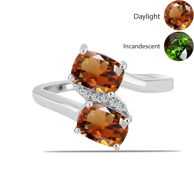 Inel din Argint 925 ( 2.77 grame ) cu Zultanit Anatolian Certificat cultivat în laborator și Topaz Alb 2.23 Carate
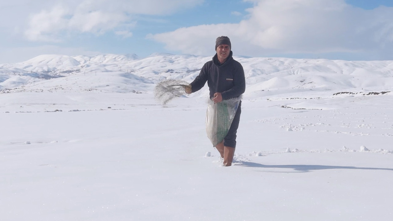 ‘BİZ EKTİK, GERİSİ NASİP’ Geçen yıl bu yöntemi farklı bir tarlada denediklerini ve başarılı sonuçlar aldıklarını dile getiren Yalçın, “Benzer özelliklere sahip, düz bir alanda bu yöntemi uyguladık ve iyi bir verim elde ettik. Şimdi bu yıl da aynı şekilde bu tarlamızda deniyoruz. Karın üzerine serptiğimiz tohumlar, bir süre sonra toprağa ulaşacak. İlkbaharda gece donan, gündüz ise çözülen toprak yapısında meydana gelen küçük çatlaklar sayesinde tohumlar toprağa gömülüyor. Biz ekimimizi tamamladık, gerisi ise nasip” ifadelerini kullandı.
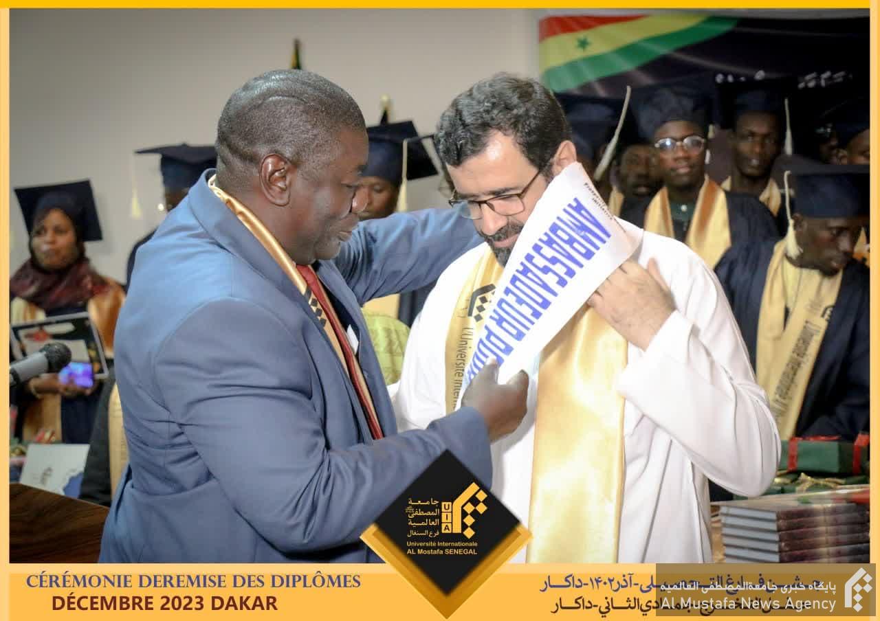 وی همچنین از آقای “شيخ تيجان امباي” رييس كميته ابتكار صلح و سعادت شعبه سنگال و “مهندس عبدو امبومب” مشاور رئیس جمهور که به نمایندگی از دولت سنگال در جشن دانشآموختگی المصطفی حضور یافته بود، دعوت کرد تا لوح و نشان حمایل سفیر صلح را به نماینده منطقهای جامعة المصطفی اهدا نمایند.

**WHAT TO DO**
The output should hold only the lines from the one containing "EKTİK, GERİSİ NASİP’" through the last line of the listing, reproduced exactly, pictures omitted.

**FINISHED TASK**
 ‘BİZ EKTİK, GERİSİ NASİP’ Geçen yıl bu yöntemi farklı bir tarlada denediklerini ve başarılı sonuçlar aldıklarını dile getiren Yalçın, “Benzer özelliklere sahip, düz bir alanda bu yöntemi uyguladık ve iyi bir verim elde ettik. Şimdi bu yıl da aynı şekilde bu tarlamızda deniyoruz. Karın üzerine serptiğimiz tohumlar, bir süre sonra toprağa ulaşacak. İlkbaharda gece donan, gündüz ise çözülen toprak yapısında meydana gelen küçük çatlaklar sayesinde tohumlar toprağa gömülüyor. Biz ekimimizi tamamladık, gerisi ise nasip” ifadelerini kullandı.
 وی همچنین از آقای “شيخ تيجان امباي” رييس كميته ابتكار صلح و سعادت شعبه سنگال و “مهندس عبدو امبومب” مشاور رئیس جمهور که به نمایندگی از دولت سنگال در جشن دانشآموختگی المصطفی حضور یافته بود، دعوت کرد تا لوح و نشان حمایل سفیر صلح را به نماینده منطقهای جامعة المصطفی اهدا نمایند.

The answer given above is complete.